§ **DATA**:

+ + + + + + +

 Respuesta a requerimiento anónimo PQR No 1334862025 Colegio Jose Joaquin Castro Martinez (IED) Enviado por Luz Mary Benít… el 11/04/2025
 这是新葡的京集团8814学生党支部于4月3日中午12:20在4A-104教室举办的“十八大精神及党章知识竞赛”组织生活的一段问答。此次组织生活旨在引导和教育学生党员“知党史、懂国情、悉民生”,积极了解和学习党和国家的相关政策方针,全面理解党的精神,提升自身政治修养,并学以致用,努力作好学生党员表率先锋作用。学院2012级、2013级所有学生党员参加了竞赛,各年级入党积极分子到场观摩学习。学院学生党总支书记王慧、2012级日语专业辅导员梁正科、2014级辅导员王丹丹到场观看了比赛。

+ + + + + + +

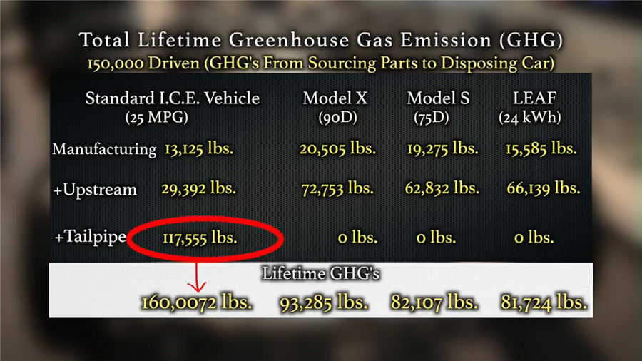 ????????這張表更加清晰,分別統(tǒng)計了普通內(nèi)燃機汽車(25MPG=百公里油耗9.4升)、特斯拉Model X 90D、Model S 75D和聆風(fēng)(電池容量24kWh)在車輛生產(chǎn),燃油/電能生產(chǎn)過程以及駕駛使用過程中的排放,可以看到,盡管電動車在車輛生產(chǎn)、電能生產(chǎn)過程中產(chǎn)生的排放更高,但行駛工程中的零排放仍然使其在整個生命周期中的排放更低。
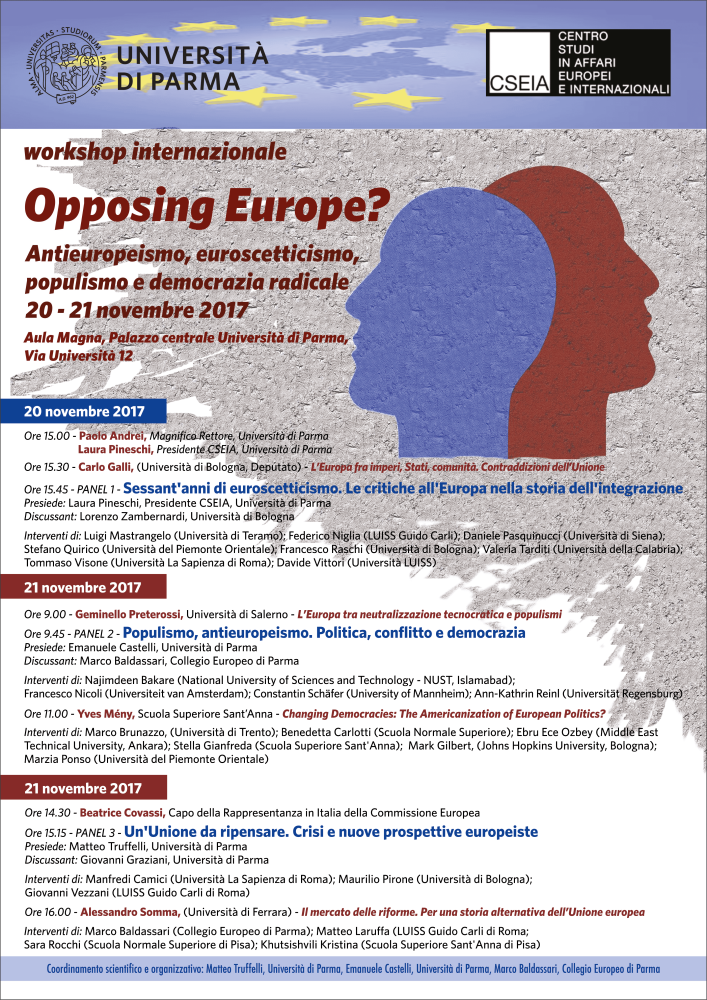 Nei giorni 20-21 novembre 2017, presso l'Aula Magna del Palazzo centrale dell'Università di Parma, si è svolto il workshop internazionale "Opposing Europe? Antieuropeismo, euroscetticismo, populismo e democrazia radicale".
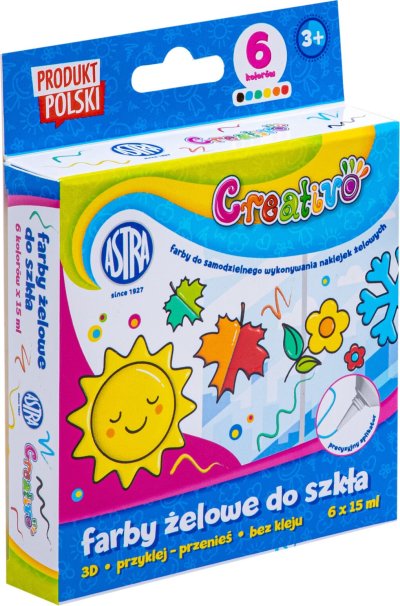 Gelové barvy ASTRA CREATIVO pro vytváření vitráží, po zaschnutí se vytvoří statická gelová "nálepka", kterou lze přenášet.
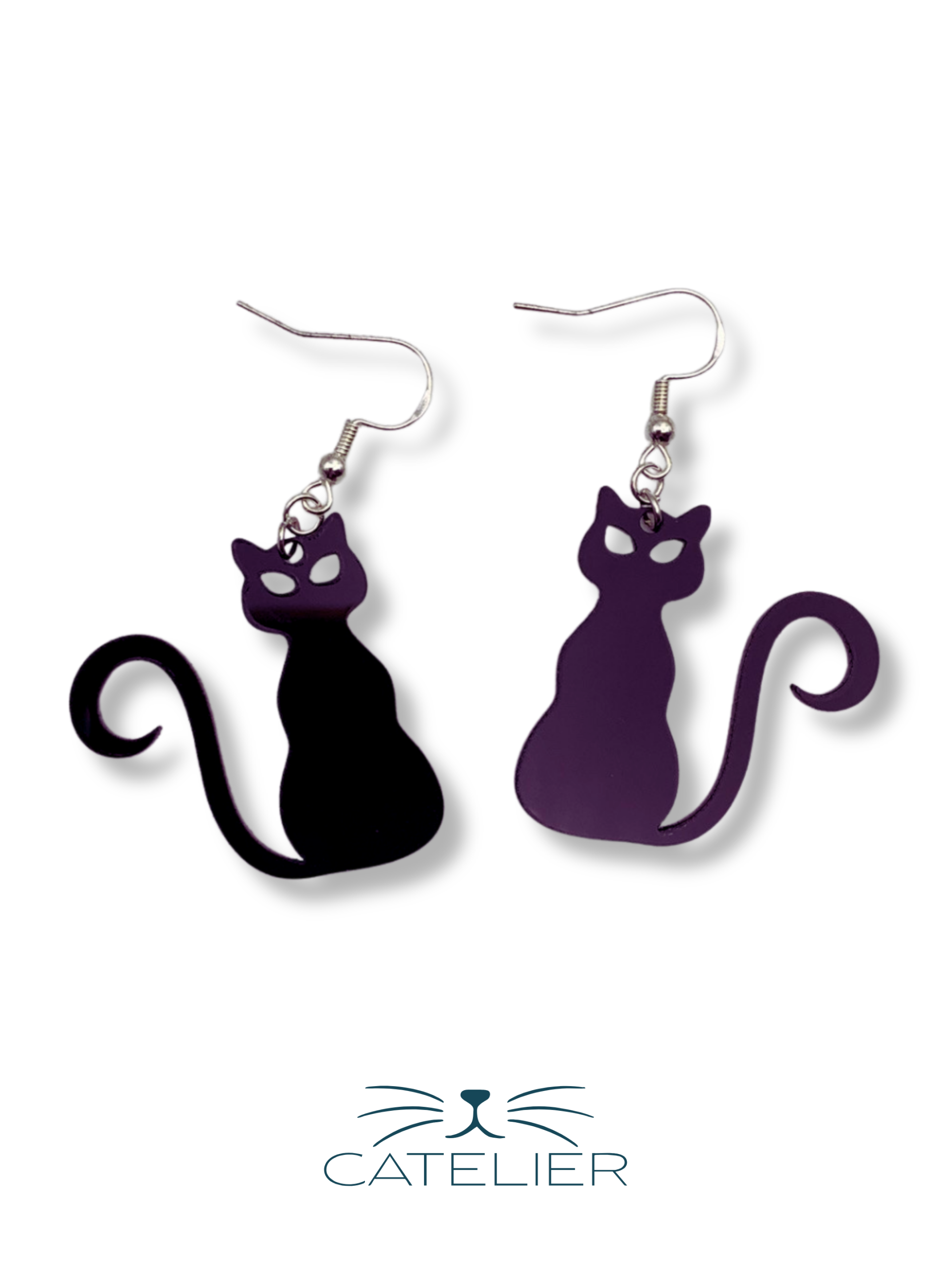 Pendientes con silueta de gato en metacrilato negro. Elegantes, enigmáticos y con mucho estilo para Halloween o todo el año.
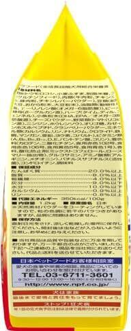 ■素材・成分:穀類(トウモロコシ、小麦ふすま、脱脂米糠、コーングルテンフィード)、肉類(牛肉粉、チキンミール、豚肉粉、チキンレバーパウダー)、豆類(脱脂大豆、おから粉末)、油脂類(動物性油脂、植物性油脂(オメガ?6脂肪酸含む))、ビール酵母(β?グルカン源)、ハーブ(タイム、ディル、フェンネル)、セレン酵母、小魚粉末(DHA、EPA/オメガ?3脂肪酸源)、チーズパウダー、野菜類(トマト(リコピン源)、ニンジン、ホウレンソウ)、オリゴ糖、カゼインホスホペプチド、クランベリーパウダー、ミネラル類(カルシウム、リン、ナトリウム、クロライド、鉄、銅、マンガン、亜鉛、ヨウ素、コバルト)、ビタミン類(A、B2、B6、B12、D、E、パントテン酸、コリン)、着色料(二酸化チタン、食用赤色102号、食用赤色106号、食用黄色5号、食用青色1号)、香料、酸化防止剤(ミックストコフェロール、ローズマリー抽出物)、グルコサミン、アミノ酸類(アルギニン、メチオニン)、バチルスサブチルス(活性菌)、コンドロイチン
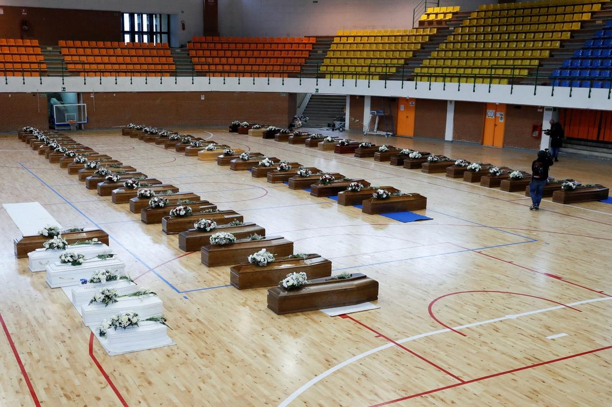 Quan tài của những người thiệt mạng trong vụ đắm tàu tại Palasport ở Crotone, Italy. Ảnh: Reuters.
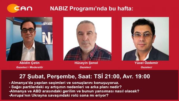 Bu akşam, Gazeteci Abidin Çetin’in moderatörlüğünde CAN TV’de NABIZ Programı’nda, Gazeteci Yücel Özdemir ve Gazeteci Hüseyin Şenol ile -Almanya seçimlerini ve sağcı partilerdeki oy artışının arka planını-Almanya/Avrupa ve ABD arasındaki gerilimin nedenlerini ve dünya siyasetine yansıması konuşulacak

+ + + + + + +

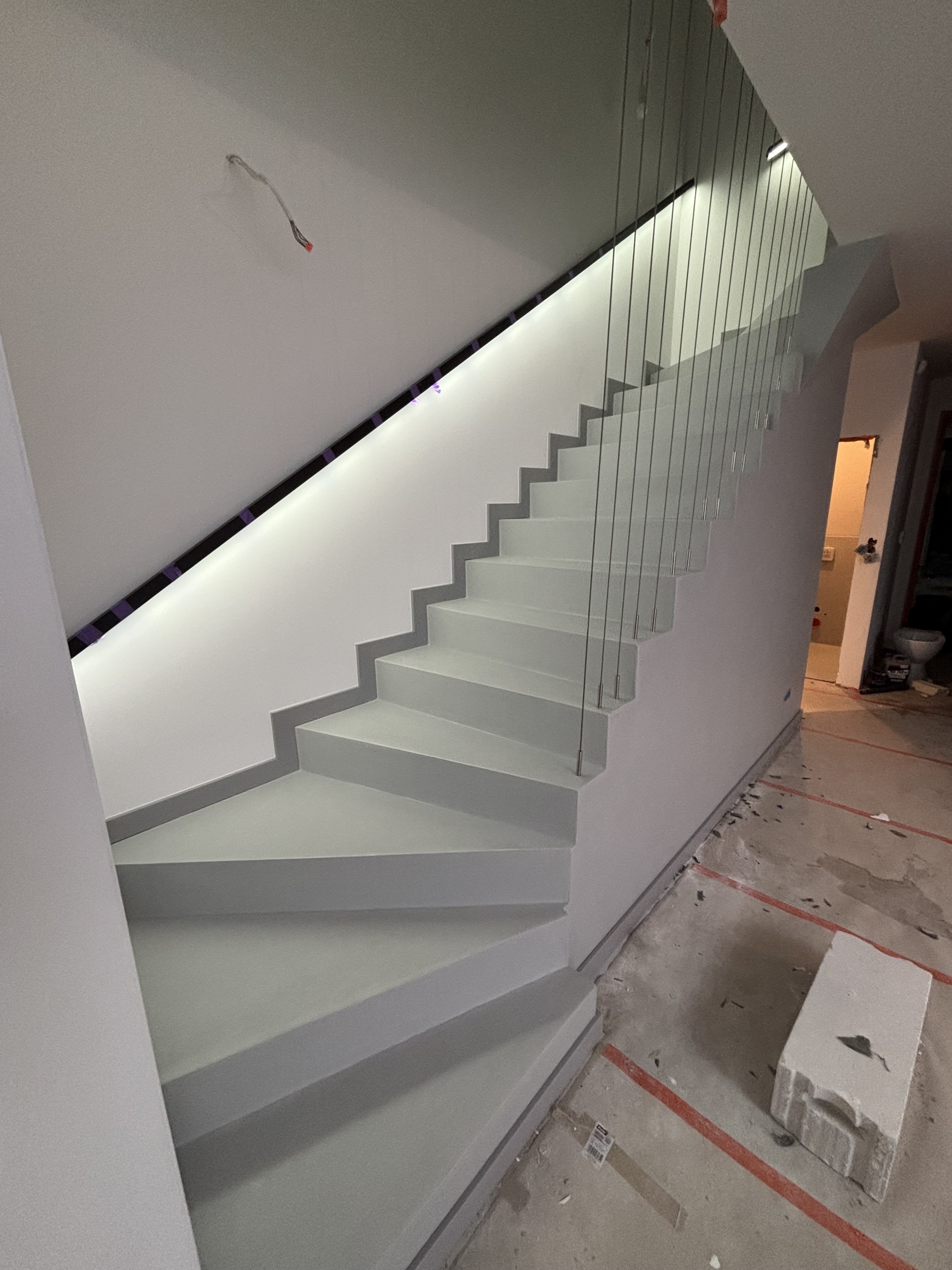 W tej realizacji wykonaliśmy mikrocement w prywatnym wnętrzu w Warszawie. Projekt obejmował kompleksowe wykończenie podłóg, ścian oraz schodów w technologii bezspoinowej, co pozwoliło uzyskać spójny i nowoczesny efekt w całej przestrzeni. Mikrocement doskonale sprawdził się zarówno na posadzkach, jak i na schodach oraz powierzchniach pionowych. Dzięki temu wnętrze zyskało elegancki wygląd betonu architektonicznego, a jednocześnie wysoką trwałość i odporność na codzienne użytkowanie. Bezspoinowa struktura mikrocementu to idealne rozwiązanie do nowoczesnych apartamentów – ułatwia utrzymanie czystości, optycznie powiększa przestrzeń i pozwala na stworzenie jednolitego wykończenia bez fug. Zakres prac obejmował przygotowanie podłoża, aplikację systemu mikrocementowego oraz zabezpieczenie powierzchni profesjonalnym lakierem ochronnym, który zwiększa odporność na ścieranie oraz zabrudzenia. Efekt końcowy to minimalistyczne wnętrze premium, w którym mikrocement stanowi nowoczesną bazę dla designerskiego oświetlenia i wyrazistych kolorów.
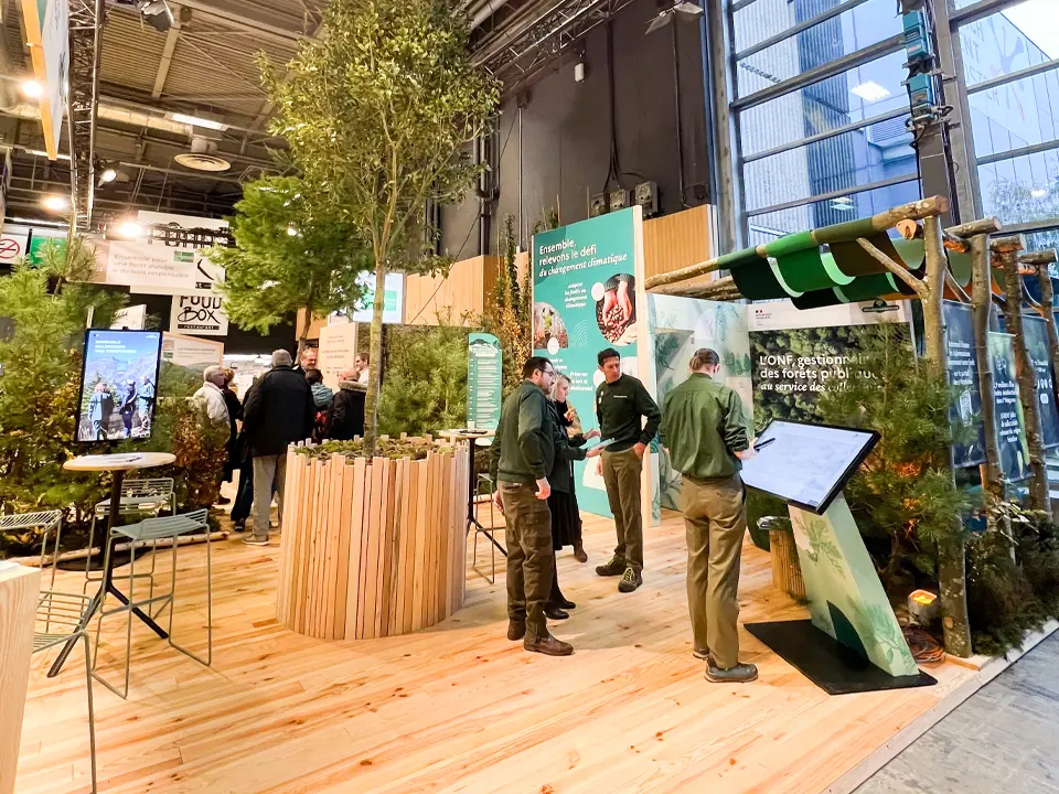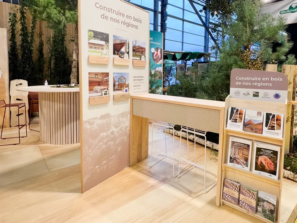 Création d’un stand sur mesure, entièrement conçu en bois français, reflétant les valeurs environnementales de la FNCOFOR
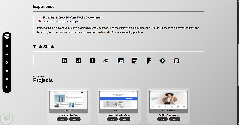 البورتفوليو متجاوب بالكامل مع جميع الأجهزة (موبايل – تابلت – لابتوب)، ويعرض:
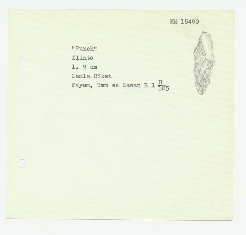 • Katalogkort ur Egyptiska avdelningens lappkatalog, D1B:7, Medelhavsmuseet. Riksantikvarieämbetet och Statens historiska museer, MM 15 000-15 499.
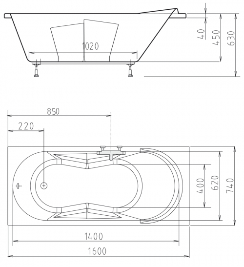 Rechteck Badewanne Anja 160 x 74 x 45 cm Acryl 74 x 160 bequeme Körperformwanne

+ + + + + + +

§ **PROBLEM DESCRIPTION**: Only one stretch of the listing is wanted: the lines starting at the one with "Création d’un stand" and ending at the one with "Rechteck Badewanne Anja", copied exactly and free of pictures.

§ **RESULT FOR THIS EXERCISE**:
 Création d’un stand sur mesure, entièrement conçu en bois français, reflétant les valeurs environnementales de la FNCOFOR
 البورتفوليو متجاوب بالكامل مع جميع الأجهزة (موبايل – تابلت – لابتوب)، ويعرض:
 • Katalogkort ur Egyptiska avdelningens lappkatalog, D1B:7, Medelhavsmuseet. Riksantikvarieämbetet och Statens historiska museer, MM 15 000-15 499.
 Rechteck Badewanne Anja 160 x 74 x 45 cm Acryl 74 x 160 bequeme Körperformwanne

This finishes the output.